17. Dezember 2017 | 14:58 Uhr

Pilzberater : Vorsicht vor Doppelgängern 

vom
Aus der Redaktion der Zeitung für die Landeshauptstadt

Pilz-Experte Armin Busse bietet Sammlern seinen Rat an – und gibt sein Wissen gern auch an Kinder weiter

von
erstellt am 09.Jul.2015 | 23:37 Uhr

„Noch herrscht Funkstille im Wald. Es fehlt ausreichend Feuchtigkeit“, sagt Armin Busse. Unter Bäumen wächst, wonach der 74-Jährige in der Natur sucht: Pilze. Rund 400 Arten kann der Neu-Schweriner nach eigenen Angaben aus dem Kopf auseinander halten. Sein Wissen gibt Busse seit 50 Jahren als Pilzsachverständiger weiter. Auch in der Landeshauptstadt bietet er nun seine Dienste an, berät Pilzsammler in seiner Wohnung im Mueßer Holz, lädt aber auch zu geführten Wanderungen und Vorträgen ein.

Die Frau eines Lehrers habe ihn schon als Schüler für die Pilze begeistert, erzählt Busse. „Die Vielfalt der Farben und Formen der Pilze fasziniert mich.“ Wer einmal vom Pilzfieber infiziert sei, der komme nicht mehr davon los, so gebürtige Stendaler, der einen großen Teil seines Lebens in der Lausitz verbracht hat. Armin Busse weiß um seine Verantwortung als Pilzberater, so bewahrte er zum Beispiel vor vielen Jahren eine Familie auf dem Zeltplatz in Spremberg vor dem Genuss der giftigen Pantherpilze, die den – im gut durchgegarten Zustand – essbaren Perlpilzen zum Verwechseln ähnlich sehen. „Die Familie hatte die gefährlichen Pilze fürs Essen schon klein geschnippelt“, berichtet Busse.

„Aussehen, Standort, Geruch – man muss einen Pilz sehr genau untersuchen, um Verwechslungen zu vermeiden“, betont der Experte, der sich selbst durch Weiterbildungen auf dem Laufenden hält.
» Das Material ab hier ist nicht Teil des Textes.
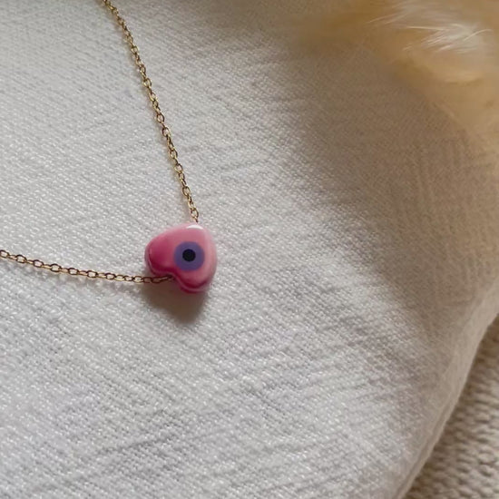 Un collier en acier inoxydable de 45 cm, orné d’un pendentif en forme de cœur rose sublimé par un œil en céramique. Symbole de protection et de bienveillance, il allie douceur et caractère.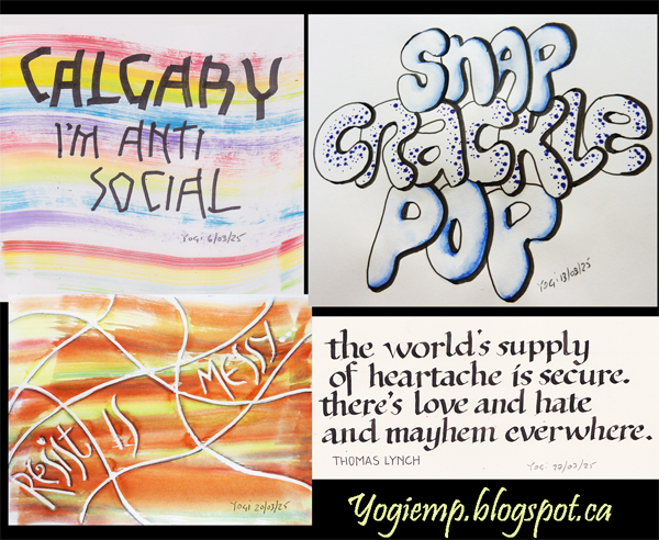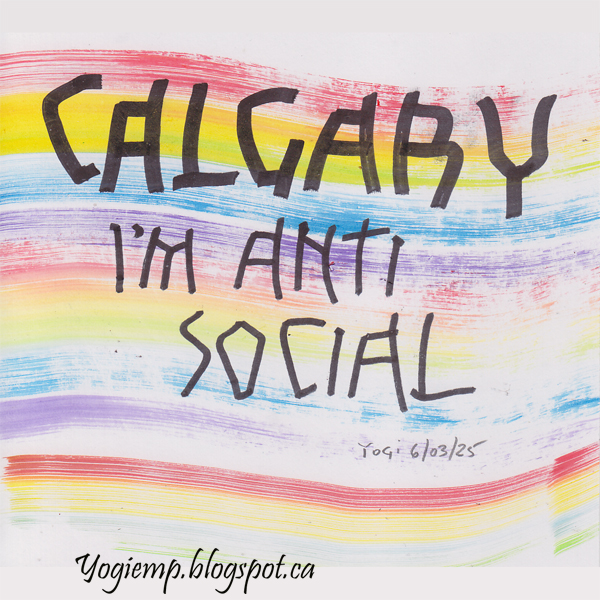You On Canson Pen & Ink paper created the wavy lines using a new brush I just bought... The Palmer by Dynasty 2" synthetic shader. I dampened the bristles and patted dry with a paper towel. Dotted the tip with Magic Color inks in the rainbow colors, then created the wavy lines. Calligraphy done with both sides of an Itoya Doubleheader black marker in Lisbet's ZEEP interpretation. The words describe me perfectly... words: Calgary I'm anti social |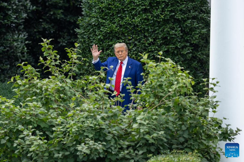 U.S. President Donald Trump waves to the press as he walks toward the South Lawn to board Marine One at the White House in Washington, D.C., the United States, on June 20, 2025. Trump said Friday it will be difficult to request Israel stop its airstrikes in Iran, even as he pursues a diplomatic solution to end the conflict. (Xinhua/Hu Yousong)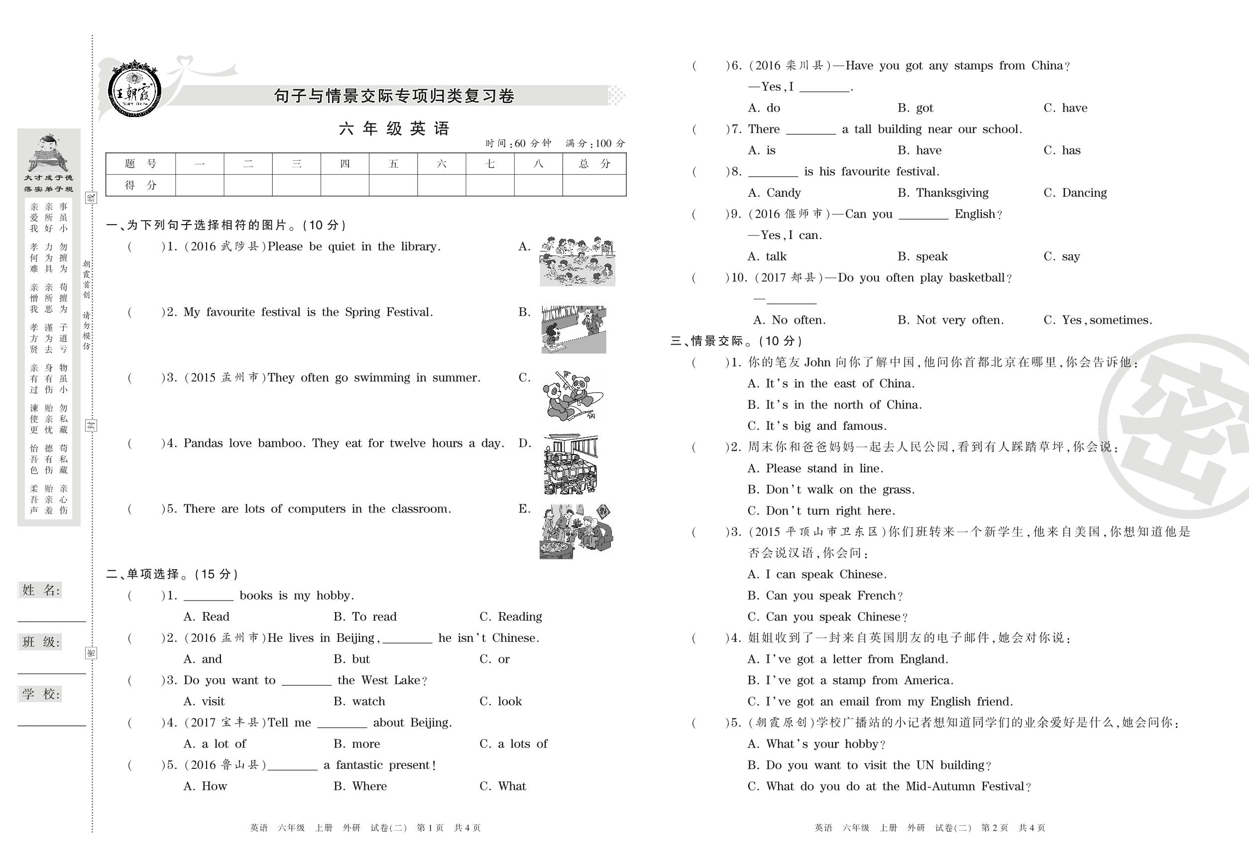 王朝霞期末专项卷六年级上册英语(外研版)【2】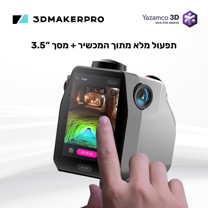 Eagle מבית 3DMakerpro הוא סורק מרחבי (Spatial Scanner) בעל ביצועים גבוהים, המשלב דיוק גבוה, כיסוי רחב ותפעול נוח. הוא נועד לאנשי מקצוע הזקוקים ליעילות ולמודלים גדולים בזמן קצר החל מסקרים אדריכליים ועד הפקה קולנועית ותערוכות וירטואליות. Eagle מספק פתרון מקצה־לקצה: איסוף נתונים, עיבוד ויצירת מודלים תלת־ממדיים כולם במסגרת מערכת אחת.

So gäbe es allein mehrere Dutzend verschiedene Champignon-Arten, und auch bei den Täublingen fänden sich unterschiedliche Abstufungen. Busses Lieblingspilz: die Stinkmorchel, die ein durchaus auffälliges Aroma verbreitet.

Pilzsammler sollten stets auf der Hut vor giftigen Doppelgängern sein und insbesondere Laien die gefundenen Pilze nie im rohen Zustand verzehren, rät der Fachmann. Eine Vereinbarung mit dem Fachdienst Gesundheit des Landkreises Ludwigslust-Parchim weist Busse als einen von drei ehrenamtlichen Pilzberatern in Schwerin aus. Kindern seine Kenntnisse über Pilze weitergeben, liegt dem 74-Jährigen besonders am Herzen. Deshalb hat er auch eine Pilzfibel für die Jüngsten geschrieben. Zwei Euro kostet die kleine Broschüre, die bei dem Pilzberater in seiner Wohnung in der Komarowstraße 37 erworben werden kann. „20 Cent gehen als Spende an die onkologische Abteilung der Helios-Kliniken“, erklärt Busse. „Wenn man etwa Gutes tut, dann kommt es im Leben doppelt und dreifach zurück.“

Wer Armin Busses Rat sucht, erreicht ihn unter der Telefonnummer 0385-34335886 und per E-Mail unter ursi-armin-see@outlook. de.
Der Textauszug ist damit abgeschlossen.